Desde a Investigação Interamericana sobre a mortalidade na infância 14, sabe-se que o peso ao nascer é um dos principais fatores de risco que influem na mortalidade infantil, dado este confirmado pelos inúmeros estudos posteriores 6,15,18,20.

Do mesmo modo, diversos estudos têm comprovado a importância do grau de instrução materna enquanto determinante da mortalidade infantil4,12,16. Estas informações, entretanto, freqüentemente deixam de ser adequadamente preenchidas.
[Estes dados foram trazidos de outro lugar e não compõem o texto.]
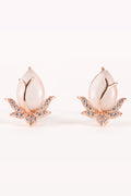 Introducing our exquisite silver earring, adorned with a delicate pink blush stone, intricately veiled in a graceful leafy silver pattern with a rose gold finish. A perfect, petite Bali masterpiece.
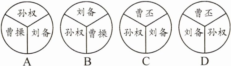 D 【解析】220 年,曹丕建立魏,定都洛阳,在北方;221 年,刘备建立蜀,定都成都,在西南地区;222 年,孙权称吴王,在东南地区。通过地理位置可判断选 D。

Desde a introdução, em 1976, do modelo padronizado da declaração de óbito pelo Ministério da Saúde, no Brasil, o Centro Brasileiro para a Classificação de Doenças2 1 Pesquisa financiada pela FINEP (Financiadora de Estudos e Projetos) e INAMPS (Instituto Nacional de Assistência Médica e Previdência Social) — Convênio n o 43.860.197.00 2 Centro colaborador da Organização Mundial da Saúde, mantido por convênio entre a Universidade de São Paulo, Organização Panamericana de Saúde e Ministério da Saúde. Funciona no Departamento de Epidemiologia da Faculdade de Saúde Pública/USP. 3 "Automated Classification of Medical Entities". vem desenvolvendo paciente trabalho de educação no meio médico, divulgando normas8 e reciclando os profissionais interessados.

Após dez anos desse trabalho, trata-se de verificar até que ponto este esforço tem sido bem sucedido no Estado do Rio de Janeiro, segundo maior centro urbano do Brasil, sede de 13 escolas médicas, segundo informação fornecida pela Associação Brasileira de Escolas Médicas.
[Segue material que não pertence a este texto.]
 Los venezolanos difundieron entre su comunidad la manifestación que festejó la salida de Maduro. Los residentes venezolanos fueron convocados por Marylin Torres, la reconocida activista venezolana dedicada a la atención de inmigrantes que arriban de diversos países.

No âmbito de uma investigação sobre os determinantes da mortalidade infantil na região metropolitana do Rio de Janeiro, desenvolvida conjuntamente pela Escola Nacional de Saúde Pública da FIOCRUZ e pela Secretaria Estadual de Saúde do Rio de Janeiro, e ainda em curso, foi possível comparar as declarações de óbito originais de uma amostra de crianças com as informações disponíveis nos prontuários e boletins hospitalares das mesmas. Tal trabalho constitui-se num dos primeiros resultados dessa investigação.

Assim, pois, pretende-se fazer uma avaliação das falhas do preenchimento de declarações de óbitos ocorridos na região metropolitana do Rio de Janeiro, nos itens reservados à causa básica do óbito, causas contribuintes, necrópsia, intervalo de tempo, idade da mãe e grau de instrução da mãe e também fazer uma análise, em separado, dos óbitos nos quais foram realizadas a necrópsia.

METODOLOGIA

As declarações de óbito que serão avaliadas no presente trabalho correspondem a uma amostra de 25% (6.672) do total de óbitos de menores de um ano ocorridos na região metropolitana do Rio de Janeiro, no período de maio de 1986 a abril de 1987.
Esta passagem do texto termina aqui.